Cehalet
Peygamberimiz sallallahu aleyhi ve sellem on dört asır önce bugün olacakları haber verdi. “Kıyamete yakın hakiki din âlimleri azalır. Cahil din adamları, kendi görüşleri ile hüküm vererek, insanları doğru yoldan saptırırlar” buyurdu.
“Âlim, cahili hemen tanır, çünkü daha önce o da cahildi. Cahil âlimi tanımaz, çünkü daha önce âlim değildi.” (Hz. Ali)
Âlimlerin kalmadığı, azaldığı zamanlarda onların kıymetli kitaplarından istifade edilmelidir. Cehalet, insanı dünya ve ahiret saadeti olan imandan mahrum bırakır. Veyahut da sahip olunan imanın elden çıkmasına sebep olur.
“Cahil olarak amel eden kişi, yoldan başka yerde yürüyen gibidir.” (Hz. Ali)
İlim sahibi olunmayınca ya da yanlış veya eksik bilgilere sahip olup cahil kalınınca bidatlere, hurafelere sıkı sıkı sarılıp, sünnete ehemmiyet vermeme durumları ortaya çıkar. Şiddetle kaçınılması gerekenler bilinemiyor. Tıpkı ateşin, korun ne olduğunu yılanın, akrebin ne derece tehlikeli olduğunu bilmediği için onlardan kaçmayan küçük çocuklar gibi. Trafik kurallarını bilmeden, yol levhalarının anlamlarını bilmeden veya ciddiye almadan trafikte seyredenlerin başına çeşitli sıkıntılar gelebileceği gibi.

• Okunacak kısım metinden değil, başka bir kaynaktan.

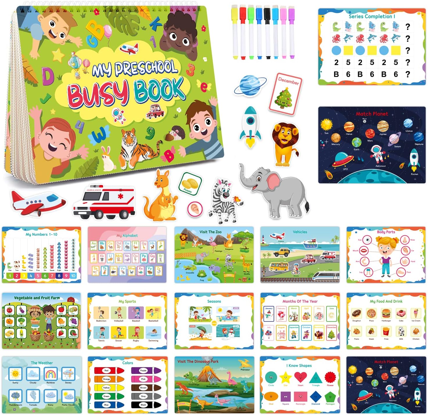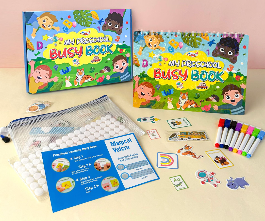✿ Drawing Book With 8 Color Markers: Dual functionality as a busy book and a drawing book! Kids can express their creativity on the back of each page. The package comes with eight vibrant color markers and wipes for endless fun.

İnsanı fitneye, yanlışa sürükleyen etkenlerin başı cehalettir. Çünkü cahil kimselerin kandırılması çok kolaydır. Dinimizde, ilim öğrenmekten daha kıymetli bir şey yoktur. İşlerin hepsi, ilim ile doğru olur, ilimsiz bir şey yapılamaz. Peygamber efendimize “İşlerin hangisi üstündür?” diye üç kere sual edildi. Peygamber efendimiz her seferinde “İlimdir” buyurdu. “Ya Rasulullah bunun hikmeti nedir?” diye sorulduğunda “Çünkü hiçbir şey ilimsiz doğru olmaz ve onsuz hiç kıymeti olmaz.” buyurdu.

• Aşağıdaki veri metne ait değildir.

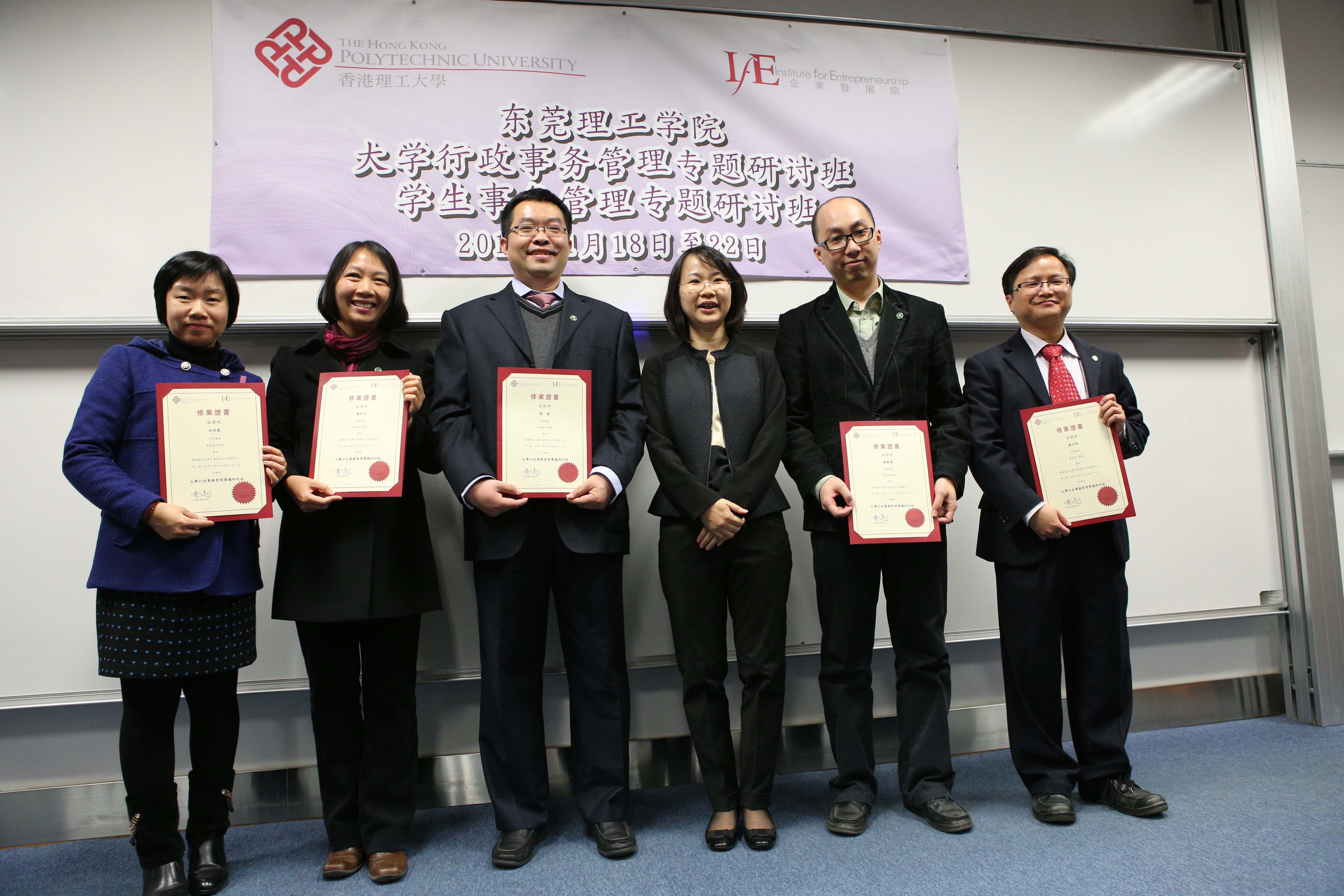 在1月18日—1月22日这5天中,两个班的学员在首日一同参加了“高校管理模式与运作”的专题讲座,在随后的四天中,大学行政事务管理专题研讨班的学员学习了“价值或加值:素质教育与人文素养的省思”、“高校策略性发展的规划与推行”、“校企合作的发展、模式及成效”、“高校的团队建设与规划”、“人力资源管理”、“正向力量——积极工作的态度”等专题课程,开展了以领导力培养为主题的团队建设活动,并实地参观考察了香港理工大学创新馆、纺织及制衣学系以及香港城市大学;学生事务管理专题研讨班的学员学习了“香港高校学生发展模式与经验”、“香港中文大学书院式学生管理”、“学生宿舍管理经验分享”、“学生社团管理模式”、“就业及心理辅导技巧”、“香港理工大学服务学习:推行与实践”、“测评工具的选择、操作与数据分析”等专题课程。

Din bilgilerini öğrenmeden başka şeyler öğrenenler ve çocuklarına doğru din bilgisi öğretmeden, para, mal, mevki kazanmaları için uğraşanlara ne demelidir! İstikbali temin etmek, acaba bunları kazanmak mıdır? Yoksa Allah Teâlâ’nın rızasını kazanmak mıdır? Her vahşetin altında cehalet yatar. Peygamberimiz sallallahu aleyhi ve sellem ne güzel buyurmuş; “İlim olan yerde Müslümanlık vardır. İlim olmayan yerde Müslümanlık kalmaz.”

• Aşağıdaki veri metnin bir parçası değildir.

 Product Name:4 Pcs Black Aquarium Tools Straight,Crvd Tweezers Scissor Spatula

Âlimler, cahilin altı vasfı olduğunu ve bunlarla tanınacaklarını söyler:
1- Hemen öfkelenirler.
2- Faydası olmayan şeylerden konuşurlar.
3- Yersiz (yanlış yerlere) sadaka verirler.
4- Sırrı korumayıp ifşa eder ve yayarlar.
5- Dostunu ve düşmanını birbirinden ayıramazlar.
6- Herkese güvenirler.
Ölmemek için yemek ve içmek lazım olduğu gibi din düşmanlarına aldanmamak, dinden çıkmamak için de İslamiyet’in emir ve yasaklarını öğrenmek lazımdır. Ecdadımız her zaman bir araya gelir, ilmihâl kitaplarını okur, dinlerini öğrenirlerdi. Ancak bu şekilde Müslüman olarak kalabilmişler ve İslamiyet’i bizlere doğru olarak ulaştırabilmişlerdi.